Отец рассмеялся, и от этого смеха ее пробрал холод.
— С моими симфониями…
Ай Мин, должно быть, заснула, потому что, когда она снова открыла глаза, Кай уже исчез. Перед квадратной коробкой сидел один только Воробушек, склонившись к ней словно к другому, более любимому ребенку. Когда Большая Матушка зажгла лампу и нашла Ай Мин свернувшейся на полу, она смерила ее острым, как игла, взглядом.
— Я музыку слушала, — сказала Ай Мин. — И у меня живот болел.
Она улыбнулась, потому что даже ей самой эти слова показались чепухой.
— Кто тебе разрешил болеть?!
Тихая Птичка не обращал на это никакого внимания.
Ранним утром следующего дня Ай Мин нашла его сидящим на улице и мирно курящим. Он совершенно забыл о приготовленном Большой Матушкой завтраке, и Ай Мин один за другим подъела все маринованные огурчики.
Тихая Птичка был существом робким. Подходить к нему надо было медленно, как к козе.
— А кто сделал ту поющую коробку? — прошептала она.
Он дернулся. Она боялась, что от всего, что бы она ни сделала, он только пугается, и ее это так разозлило, что ей захотелось накричать на него и надавать себе пощечин.
Воробушек сказал, что это не «поющая коробка», а «поющий электромотор», проигрыватель.

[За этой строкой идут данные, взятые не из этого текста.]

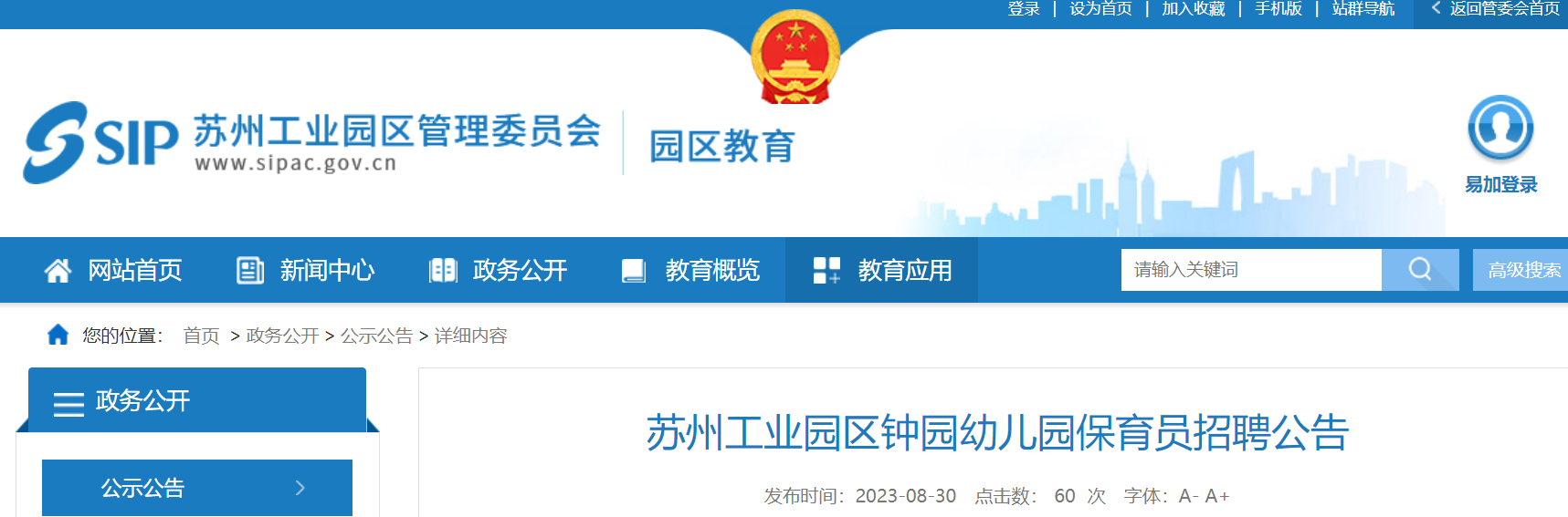 2023江蘇蘇州工業(yè)園區(qū)鐘園幼兒園招聘保育員1名,報名截止時間:2023年9月10日?,F(xiàn)將招聘公告原文發(fā)布如下:
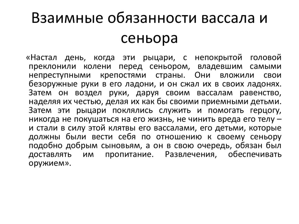 должны были вести себя по отношению к своему сеньору
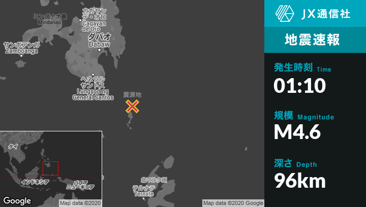 | 震源地 | フィリピンのSaranganiから東南東165kmの地点 |

— Хочу на него посмотреть.
Он снова вынес коробку. Когда он поднял и затем отпустил упрямый ус, Ай Мин не понять было, тревожится ее отец или устал — или попросту растерян. Музыка с медленными, редкими нотами оказалась Двадцать пятой Гольдберг-вариацией Баха. Она сказала отцу, что слышать музыку — это все равно что смотреть внутрь радио. Она имела в виду, что даже если смотреть в потроха приемников, что отец приносил домой, даже если глядеть в самое чрево машины, в саму вещь, электричество и звук оставались столь же изысканно таинственны, сколь и ночное небо.